Caruana’s talk is an outright attack on liberalism. The writing has no divisions, and continuously cites Aristotle and various political economists. Cicero is cited too. Caruana exemplifies his arguments by drawing upon the situation in England. He explains how there liberalism was arresting the development of science, the economy, and the social studies. Caruana exults England as the bulwark of civilisation, and castigates liberalism for failing to keep England’s scientific, economic and social pre-eminence on an upward and forward trajectory.

== Personal ==
Caruana was married to Giovanna Galizia, a daughter of the celebrated Victorian architect and civil engineer Emanuele Luigi Galizia.
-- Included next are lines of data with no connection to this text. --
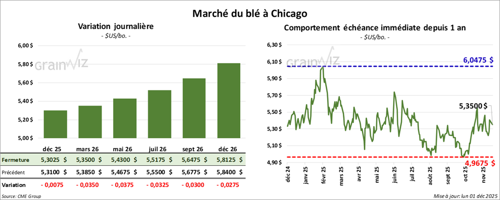 À Chicago, le contrat de blé décembre 25 a clôturé à 5,3025 $ (- ¾ cent). Celui mars 26 a fermé à 5,3500 $ (- 3 ½ cents). Celui mai 26 a terminé à 5,4300 $ (-3 ¾ cents).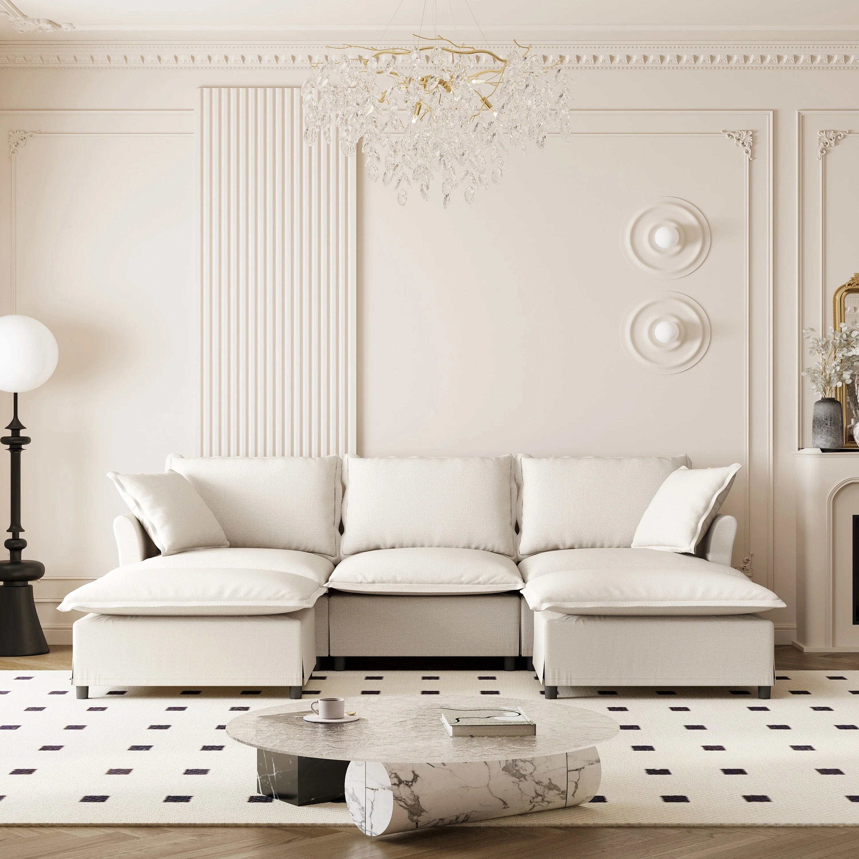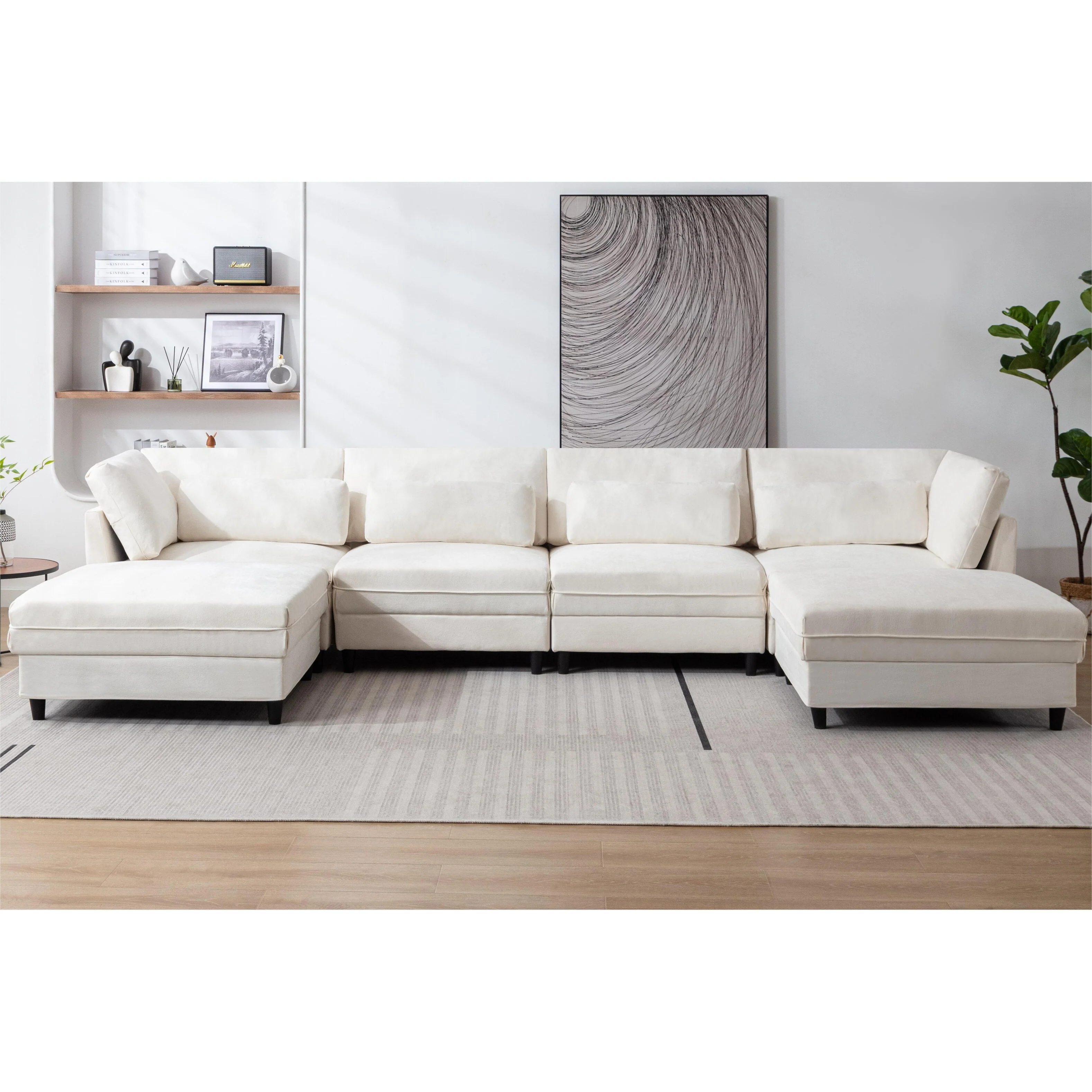 145 Fabric 6-Seat U-Shaped Sectional Sofa with Chaise & Ottomans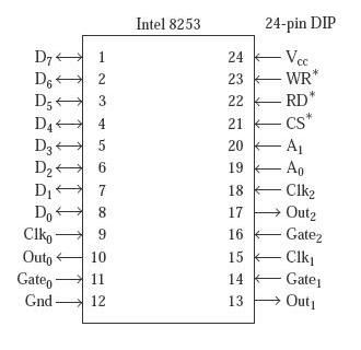 Intel 8253 作為 DIP 封裝,是一個 24 引腳的可程式設計 IC。IC 有三個獨立工作的計數器,寬度為 16 位。此外,我們還有一個控制埠來決定三個計數器的執行模式。它們的物理和功能引腳圖如下所示。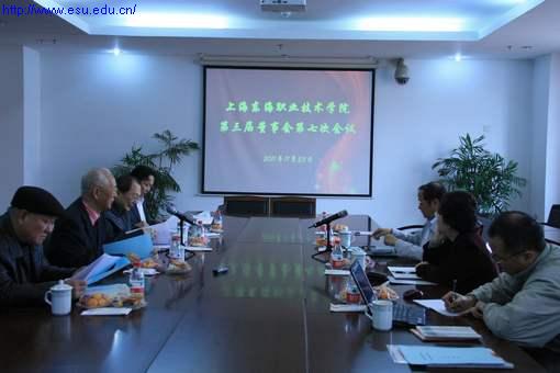 11月23日,我校第三届七次董事会会议在南807召开。董事长曹助我出席并主持会议,董事会成员李重华、陶钧、杜建坤、白芸、李小钢,项家祥、赵佩琪参加了会议。校长项家祥分四部分对学校近况作了汇报,与会董事就启动实训大楼项目和申办示范性高职院校的方案进行了充分的讨论。董事会成员对学校的规范化运作提出了更严格的要求,对学校的未来发展充满信心。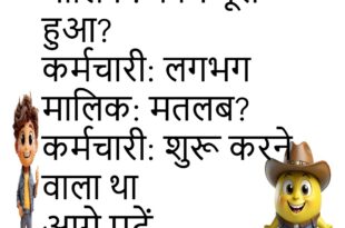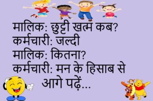 मालिक: फाइल कहाँ है? कर्मचारी: सुरक्षित है मालिक: कहाँ? कर्मचारी: दिमाग में 😂 ********************************** ग्राहक: इतना इंतज़ार क्यों? वेटर: स्पेशल ऑर्डर ग्राहक: कितना स्पेशल? वेटर: धैर्य वाला 😆 ********************************** दोस्त: प्लान क्यों कैंसिल? दोस्त: कारण है दोस्त: क्या? दोस्त: मन 😜 ********************************** मां: होमवर्क किया? बच्चा: लगभग मां: मतलब? बच्चा: सोचा था 😂 ********************************** डॉक्टर: पानी ज्यादा पिया? मरीज़: हाँ …

E.L. Galizia was a personal friend of Caruana's father, the archaeologist Antonio Annetto Caruana. One of Giovanna's brothers, James Galizia, was Director of Public Works and then Treasury Secretary in Malta's early 20th century imperial administration. Another brother, Godwin Galizia, was a noteworthy neo-Romanesque and neo-classical architect. Caruana had ten children with Giovanna Galizia. Their first son, Anton Caruana Galizia, a prominent Maltese lawyer, was killed outside the Casino Maltese in a German bombing raid in 1942, that left 40 others dead. His great-grandson Peter Caruana Galizia was married to prominent journalist Daphne Caruana Galizia, who died in a car bomb attack in 2017.